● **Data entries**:
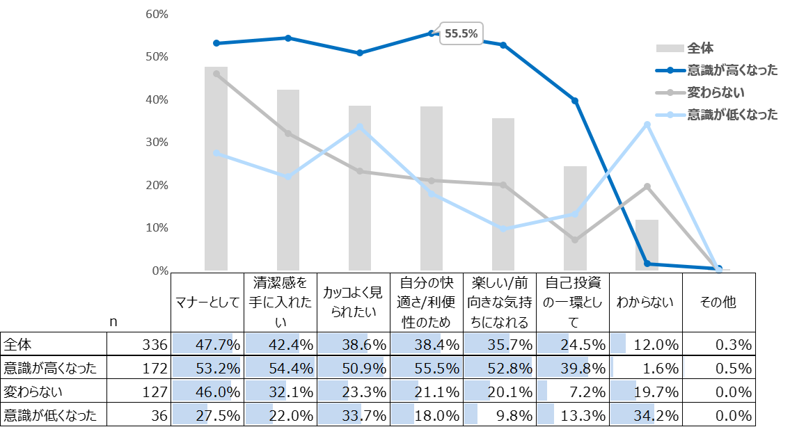 「身だしなみへの意識が高くなった人」は身だしなみを整えている理由として「自分の快適さ/利便性のため」が最も多いのに対し、従来「変わらない人」は「マナーとして」が最も多くなっています。マナーとして、身だしなみを整えるよう推奨されることもありましたが、ここ数年で身だしなみへの意欲が向上した人は「自分のため」と捉える傾向があることが分かりました。
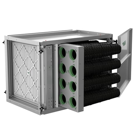 Side-access housing for CamCarb cylindrical adsorbent filters for moderate to high gas/vapor load in make-up, recirculation, and exhaust applications.
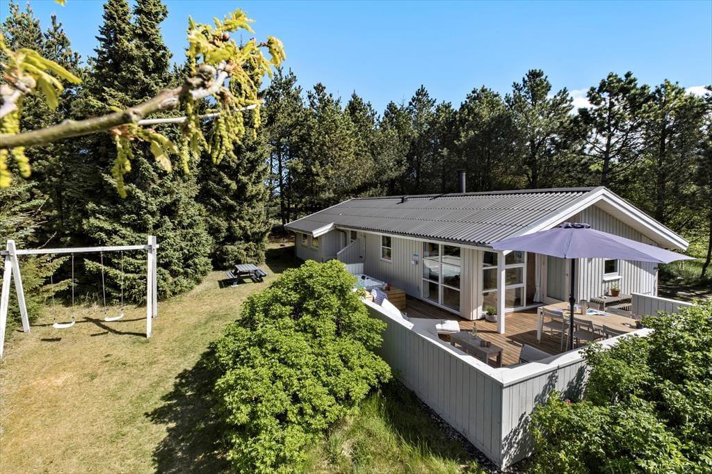Hvis du drømmer om at fylde ferien med tilbagelænede hyggestunder, wellness og sjove aktiviteter i naturen, har du kig på det helt rette sommerhus. Her på Stenhusvej 30 er der nemlig inde- og udespa, sauna og mange andre dejlige detaljer inden døre, og både skov og strand er i nærheden, for huset ligger nærmest som nabo til Svinkløv Plantage og knap en kilometer fra det brusende Vesterhav.
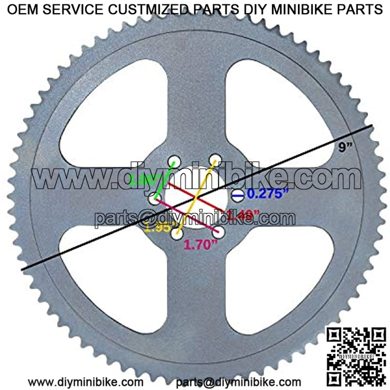 Specifications: Chain Size: #35 Chain Sprocket Teeth: 75 Tooth Mounting Hole Spacing (center to center): 2″ Mounting Hole Diameter (x6): 1/4″ Center Hole Diameter: 1-1/2″
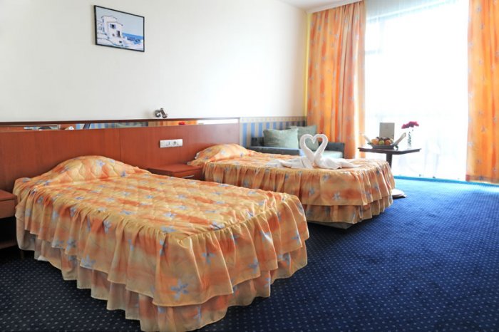 Numuros (apmēram 28 m2) ir duša (fēns, halāts), tualete, bidē (dažos numuros), balkons, gaisa kondicionētājs (centrālais), telefons, televizors. Mini bārs un seifs - par papildus samaksu.
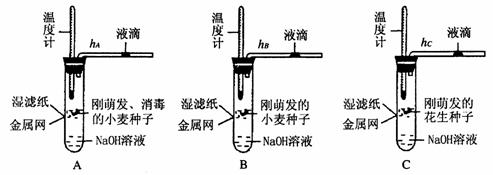 B.当种子中的有机物消耗完毕,温度计读数hB最高
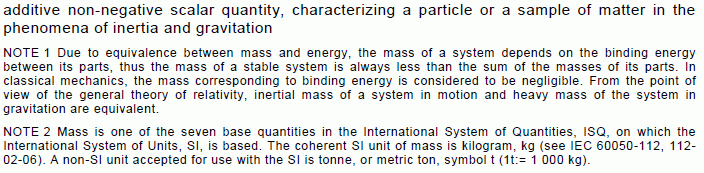 | Definition: | additive non-negative scalar quantity, characterizing a particle or a sample of matter in the phenomena of inertia and gravitation NOTE 1 Due to equivalence between mass and energy, the mass of a system depends on the binding energy between its parts, thus the mass of a stable system is always less than the sum of the masses of its parts. In classical mechanics, the mass corresponding to binding energy is considered to be negligible. From the point of view of the general theory of relativity, inertial mass of a system in motion and heavy mass of the system in gravitation are equivalent. NOTE 2 Mass is one of the seven base quantities in the International System of Quantities, ISQ, on which the International System of Units, SI, is based. The coherent SI unit of mass is kilogram, kg (see IEC 60050-112, 112-02-06). A non-SI unit accepted for use with the SI is tonne, or metric ton, symbol t (1 t ≔ 1 000 kg).
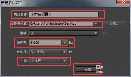 3、首先创建一个项目。点击Au左上角的文件-新建-多轨合成项目,项目名称可以自己取,文件夹位置放在一个自己容易找到的地方(我直接放桌面),采样率选44100,主控选立体声
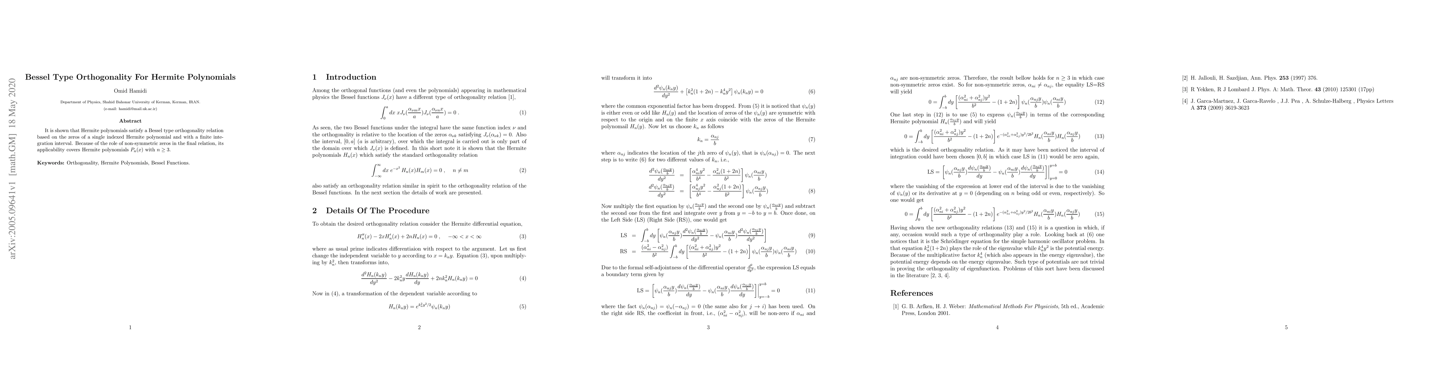 This paper demonstrates that Hermite polynomials exhibit a Bessel type orthogonality relation based on the zeros of a single index Hermite polynomial, with applicability to polynomials $P_n(x)$ for $n \geq 3$. The relation is defined over a finite integration interval.
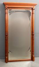 Mahonie haardspiegel, de facetgeslepen spiegel geflankeerd door Ionische zuilen, modern -enkele chips van de lijst, ongelakte houtplaat bevestigd aan bovenzijde-, 190 x 110 x 22 cm
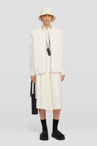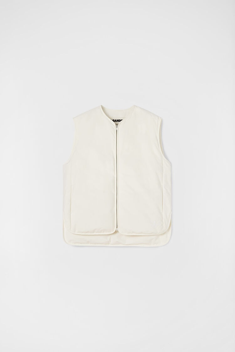 Water repellent organic cotton down vest with embroidered Jil Sander+ monogram Details - relaxed fit and boxy shape - front zip closure - hidden side pockets - embroidered Jil Sander+ monogram - packaway bag included - water repellent organic cotton - 100% cotton, padding 85% goose down 15% goose feather - made in Italy - StyleID: J40AF0147J45039106 Care - dry clean only Details - model is 177cm/5'9" and is wearing a size S - Please note that the physical label of the item will show the international size
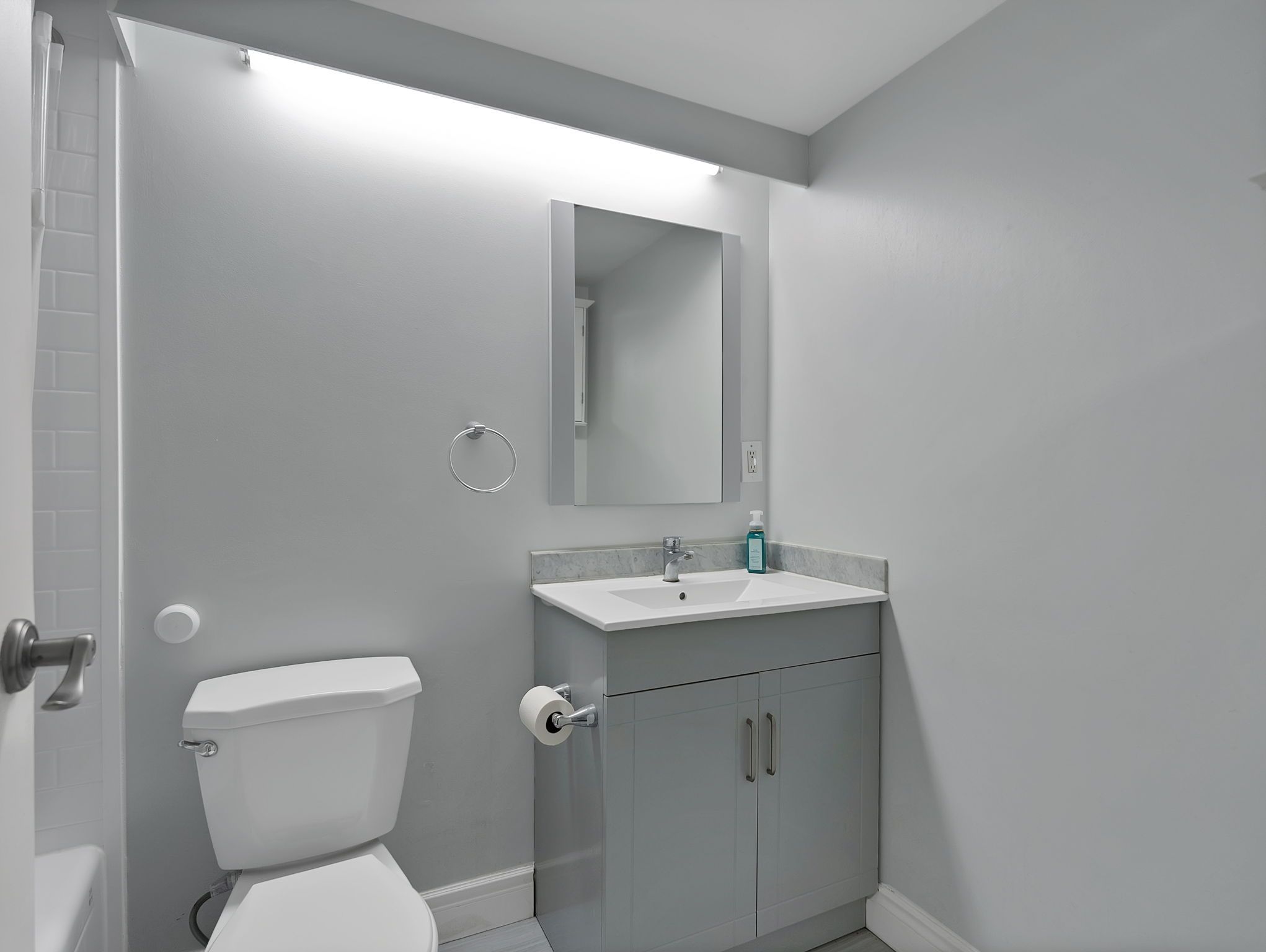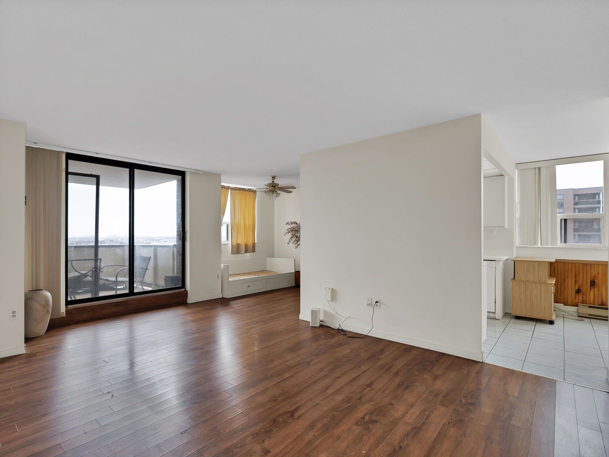 • Spacious design with 9-ft ceilings and sleek laminate flooring.

● **Task brief**:
Reproduce every record above exactly, omitting the pictures.

● **Solution**:
 「身だしなみへの意識が高くなった人」は身だしなみを整えている理由として「自分の快適さ/利便性のため」が最も多いのに対し、従来「変わらない人」は「マナーとして」が最も多くなっています。マナーとして、身だしなみを整えるよう推奨されることもありましたが、ここ数年で身だしなみへの意欲が向上した人は「自分のため」と捉える傾向があることが分かりました。
 Side-access housing for CamCarb cylindrical adsorbent filters for moderate to high gas/vapor load in make-up, recirculation, and exhaust applications.
Hvis du drømmer om at fylde ferien med tilbagelænede hyggestunder, wellness og sjove aktiviteter i naturen, har du kig på det helt rette sommerhus. Her på Stenhusvej 30 er der nemlig inde- og udespa, sauna og mange andre dejlige detaljer inden døre, og både skov og strand er i nærheden, for huset ligger nærmest som nabo til Svinkløv Plantage og knap en kilometer fra det brusende Vesterhav.
 Specifications: Chain Size: #35 Chain Sprocket Teeth: 75 Tooth Mounting Hole Spacing (center to center): 2″ Mounting Hole Diameter (x6): 1/4″ Center Hole Diameter: 1-1/2″
 Numuros (apmēram 28 m2) ir duša (fēns, halāts), tualete, bidē (dažos numuros), balkons, gaisa kondicionētājs (centrālais), telefons, televizors. Mini bārs un seifs - par papildus samaksu.
 B.当种子中的有机物消耗完毕,温度计读数hB最高
 | Definition: | additive non-negative scalar quantity, characterizing a particle or a sample of matter in the phenomena of inertia and gravitation NOTE 1 Due to equivalence between mass and energy, the mass of a system depends on the binding energy between its parts, thus the mass of a stable system is always less than the sum of the masses of its parts. In classical mechanics, the mass corresponding to binding energy is considered to be negligible. From the point of view of the general theory of relativity, inertial mass of a system in motion and heavy mass of the system in gravitation are equivalent. NOTE 2 Mass is one of the seven base quantities in the International System of Quantities, ISQ, on which the International System of Units, SI, is based. The coherent SI unit of mass is kilogram, kg (see IEC 60050-112, 112-02-06). A non-SI unit accepted for use with the SI is tonne, or metric ton, symbol t (1 t ≔ 1 000 kg).
 3、首先创建一个项目。点击Au左上角的文件-新建-多轨合成项目,项目名称可以自己取,文件夹位置放在一个自己容易找到的地方(我直接放桌面),采样率选44100,主控选立体声
 This paper demonstrates that Hermite polynomials exhibit a Bessel type orthogonality relation based on the zeros of a single index Hermite polynomial, with applicability to polynomials $P_n(x)$ for $n \geq 3$. The relation is defined over a finite integration interval.
 Mahonie haardspiegel, de facetgeslepen spiegel geflankeerd door Ionische zuilen, modern -enkele chips van de lijst, ongelakte houtplaat bevestigd aan bovenzijde-, 190 x 110 x 22 cm
 Water repellent organic cotton down vest with embroidered Jil Sander+ monogram Details - relaxed fit and boxy shape - front zip closure - hidden side pockets - embroidered Jil Sander+ monogram - packaway bag included - water repellent organic cotton - 100% cotton, padding 85% goose down 15% goose feather - made in Italy - StyleID: J40AF0147J45039106 Care - dry clean only Details - model is 177cm/5'9" and is wearing a size S - Please note that the physical label of the item will show the international size
 • Spacious design with 9-ft ceilings and sleek laminate flooring.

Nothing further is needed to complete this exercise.